If the model files are stored under an `hf/` subdirectory, use the following example.

```python
import torch
from transformers import PreTrainedTokenizerFast, Gemma4ForCausalLM

repo = "shibatch/tinygemma4moe5m"

tokenizer = PreTrainedTokenizerFast.from_pretrained(repo, subfolder="hf")
model = Gemma4ForCausalLM.from_pretrained(
    repo,
    subfolder="hf",
    torch_dtype=torch.float32,
)
model.eval()

prompt = "Once upon"
inputs = tokenizer(prompt, return_tensors="pt")

with torch.no_grad():
    output_ids = model.generate(
        **inputs,
        max_new_tokens=100,
        do_sample=False,
        pad_token_id=tokenizer.pad_token_id,
        eos_token_id=tokenizer.eos_token_id,
    )

print(tokenizer.decode(output_ids[0], skip_special_tokens=True))
```

## Loading requirements

This checkpoint requires a Transformers version that supports Gemma4 and Gemma4 MoE.

The following imports should work:

```python
from transformers import Gemma4ForCausalLM, Gemma4TextConfig
```

If these imports fail, update Transformers to a version with Gemma4 support.

## Tokenizer note

This repository uses a custom byte-level BPE tokenizer saved as a `PreTrainedTokenizerFast`.

For this reason, examples use:

```python
from transformers import PreTrainedTokenizerFast
```

instead of `AutoTokenizer`.

Using `AutoTokenizer` may fail in some environments if the tokenizer backend cannot be inferred automatically.

The expected tokenizer files include:

```text
tokenizer.json
tokenizer_config.json
special_tokens_map.json
```

## Intended validation coverage

This checkpoint is intended to validate support for:

```text
Gemma4TextConfig
Gemma4ForCausalLM
sliding_attention layers
full_attention layers
GQA with num_key_value_heads = 1
global key/value head configuration
per-layer input embeddings
tied word embeddings
Gemma4 RMSNorm behavior
Gemma4 MLP activation: gelu_pytorch_tanh
Gemma4 MoE expert parameters
num_experts = 4
top_k_experts = 2
expert_interval = 2
MoE expert dispatch
MoE expert output combination
generate()
save_pretrained()
from_pretrained()
```

## Limitations

This is a tiny debug model.

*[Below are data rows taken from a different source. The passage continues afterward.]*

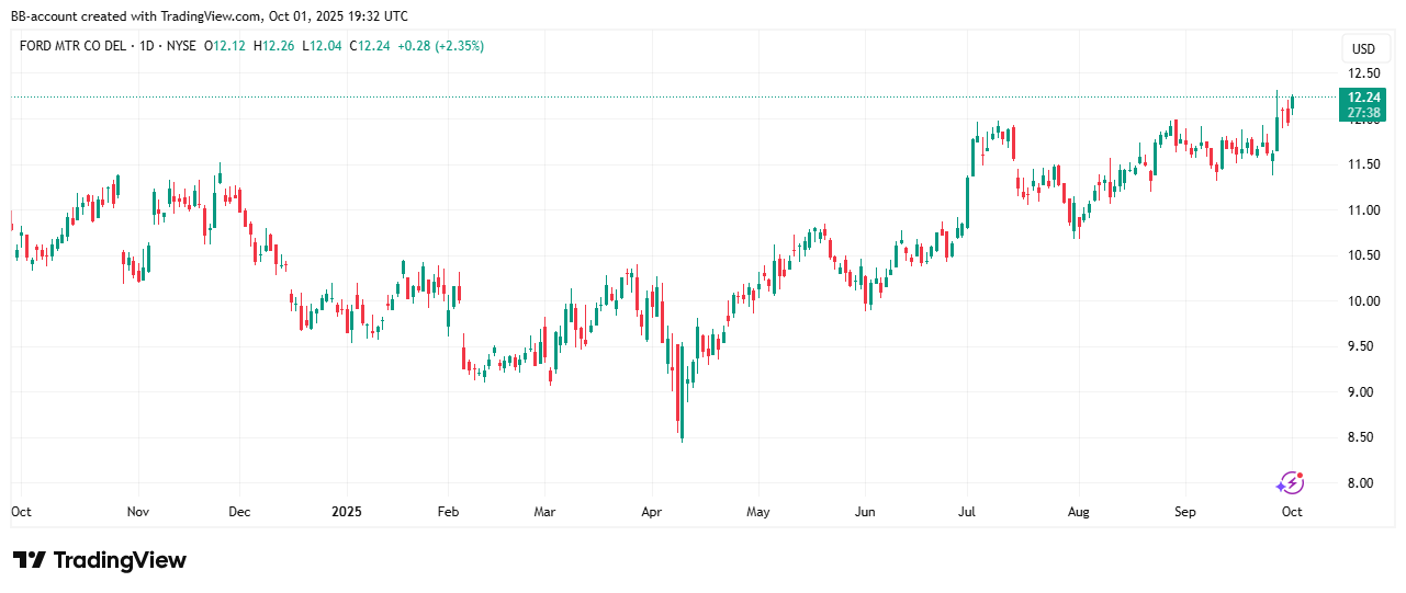 In de onderstaande grafiek zien we het koersverloop van Ford:
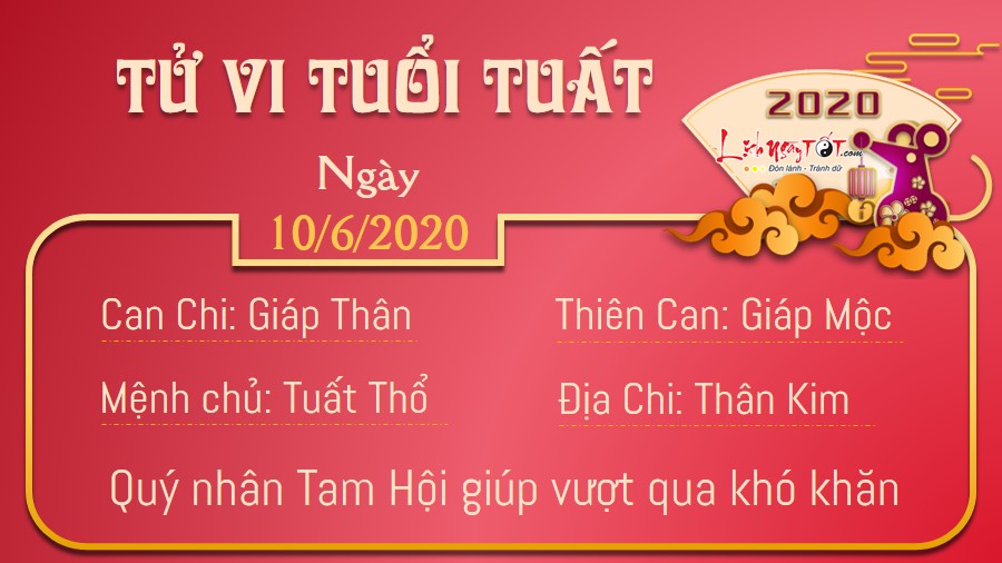 Mọi dự định của con giáp này trong ngày hôm nay có thể hanh thông cũng một phần nhờ sự trợ giúp của quý nhân Tam Hội. Dù có gặp khó khăn vướng mắc trong lúc này thì bản mệnh cũng dễ dàng vượt qua. Quý nhân có thể ở ngay bên cạnh bạn, là người thân, bạn bè, đồng nghiệp, cấp trên hay đối tác của bạn. Thiên Tài độ mệnh, người tuổi Tuất có thể đón nhận những tin vui tiền bạc bất ngờ. Cơ hội phát tài nhanh chóng này chẳng mấy ai có được đâu, hãy biết tận dụng lợi thế của bản thân, nếu không bạn sẽ phải hối tiếc về sau đó. Chuyện tình cảm của bạn có nhiều tín hiệu khởi sắc trong ngày ngũ hành Thổ Kim tương sinh.
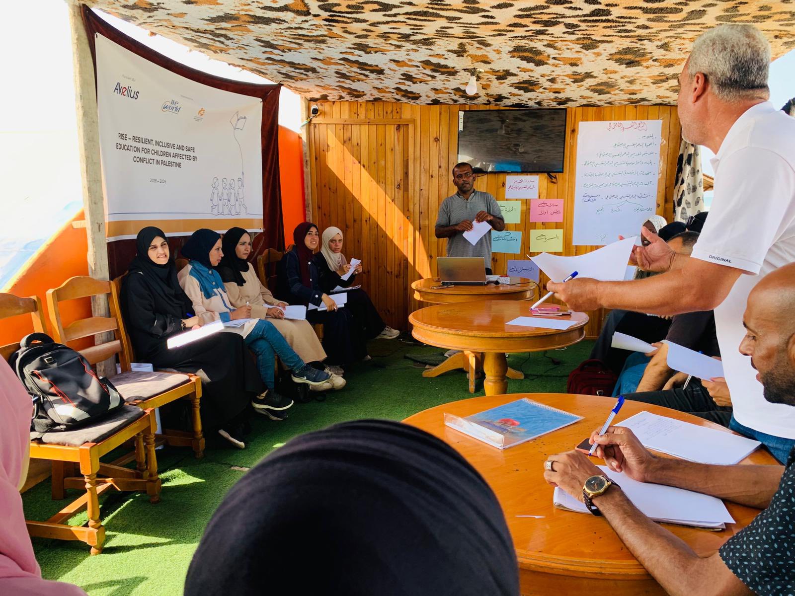 The training, delivered by specialized experts, combined both theoretical and practical components, equipping participants with practical tools and skills to strengthen children’s capacities in temporary learning spaces that will soon be activated. The program seeks to address the significant learning loss caused by the ongoing war in Gaza, while also providing psychosocial support to help children cope with continuous trauma.
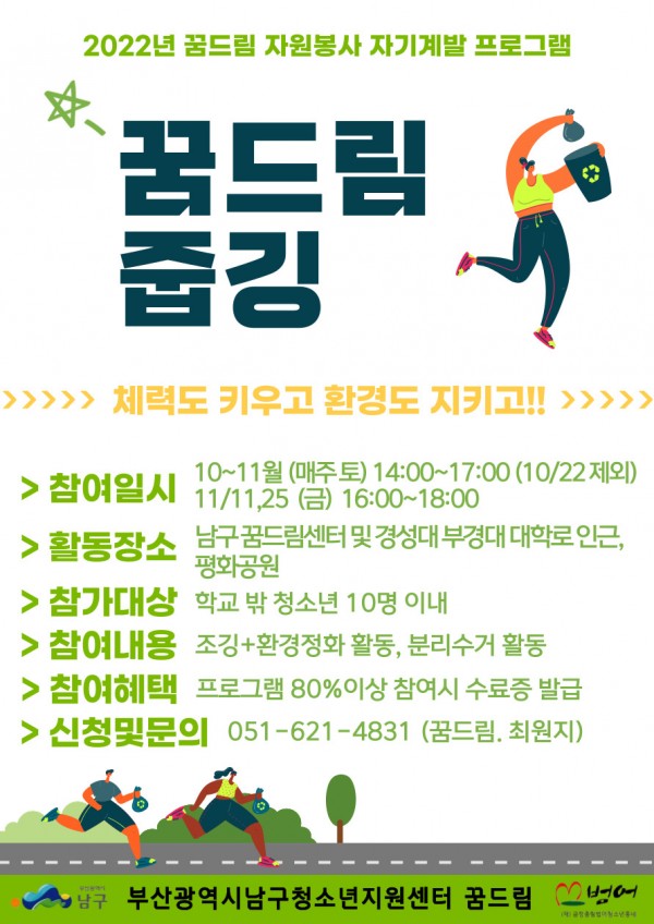 2022년 꿈드림 자원봉사 자기계발 프로그램 '꿈드림 줍깅'이 진행될 예정입니다.

It should not be used as a general-purpose language model.

Known limitations:

* frequent phrase repetition
* TinyStories template collapse
* weak long-form coherence
* small vocabulary
* weak semantic consistency
* no instruction tuning
* no chat formatting
* no multimodal capability
* no OCR capability
* no production use

The checkpoint is primarily intended to make Gemma4 MoE text-model code paths easy to test without downloading a large model.

## Why include MoE?

A dense tiny Gemma4 model is simpler to train, but it does not cover MoE-specific implementation paths.

This checkpoint intentionally includes:

```text
num_experts = 4
top_k_experts = 2
```

to exercise a more realistic MoE routing path than a minimal `top_k=1` configuration.

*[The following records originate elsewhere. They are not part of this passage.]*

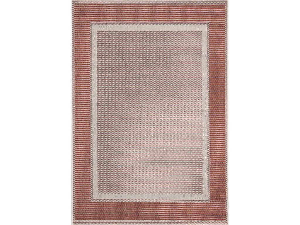 Šňůrkový, kusový koberec v kombinaci béžové a cihlové barvy.
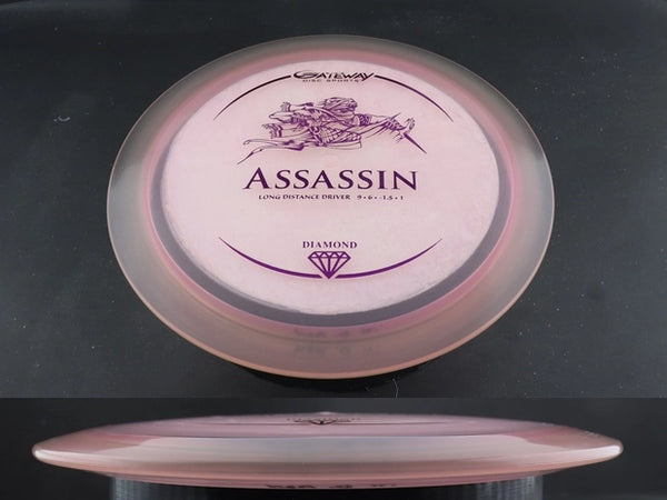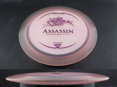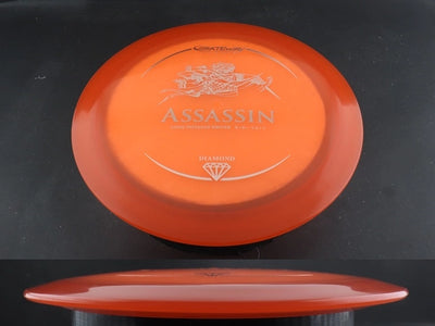 The Assassin offers a neutral-stable flight with a touch of high-speed turn and a gentle, forward-pushing fade. It glides exceptionally well, allowing players to achieve sneaky distance without sacrificing control. Thrown on hyzer, it pops up to flat and carries straight; on a flat release, it holds its line before fading softly at the finish. The Diamond plastic enhances its consistency and longevity, maintaining flight stability over time.
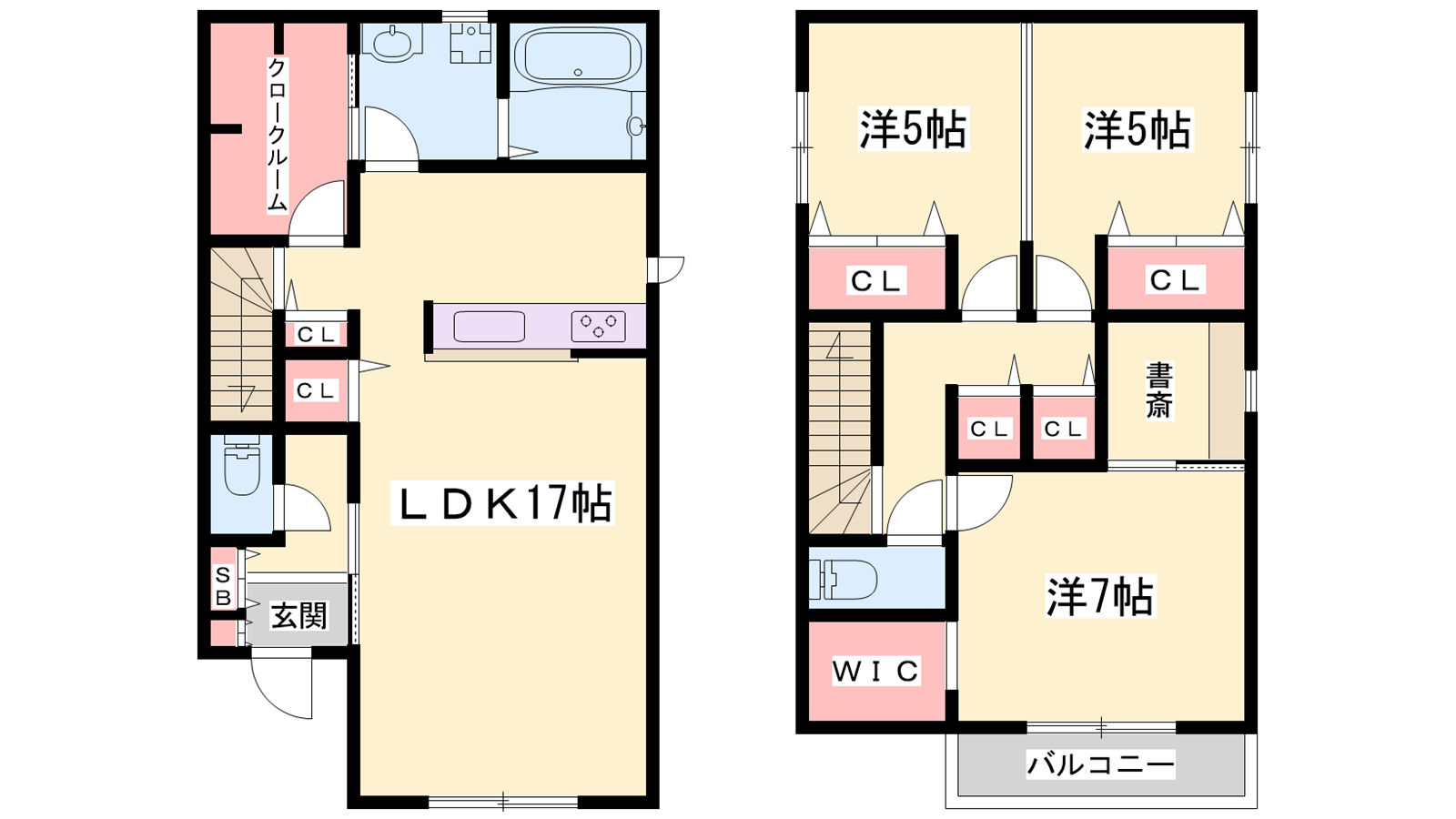 - LDK17帖、洋室7帖、洋室5帖、S5帖

## Why not full attention only?

A full-attention-only tiny model may train more cleanly, but it would not cover Gemma4 sliding attention behavior.

This checkpoint uses:

```text
sliding_attention
sliding_attention
full_attention
sliding_attention
sliding_attention
full_attention
```

to cover both attention implementations.

## Notes on OCR and multimodal use

This repository is text-only. It does not include a vision tower, image projector, image-token alignment, or OCR training.

A Gemma4 OCR or Gemma4 MoE OCR validation model would be a separate project. It would require a tiny multimodal Gemma4 configuration, a synthetic OCR dataset, image-token handling, vision/text alignment, OCR fine-tuning, and additional validation scripts.

## Suggested repository name

Suggested Hugging Face repository name:

```text
shibatch/tinygemma4moe5m
```

## Citation

This is a synthetic tiny validation checkpoint derived from Gemma4-compatible MoE text architecture settings. It is intended for debugging and implementation testing.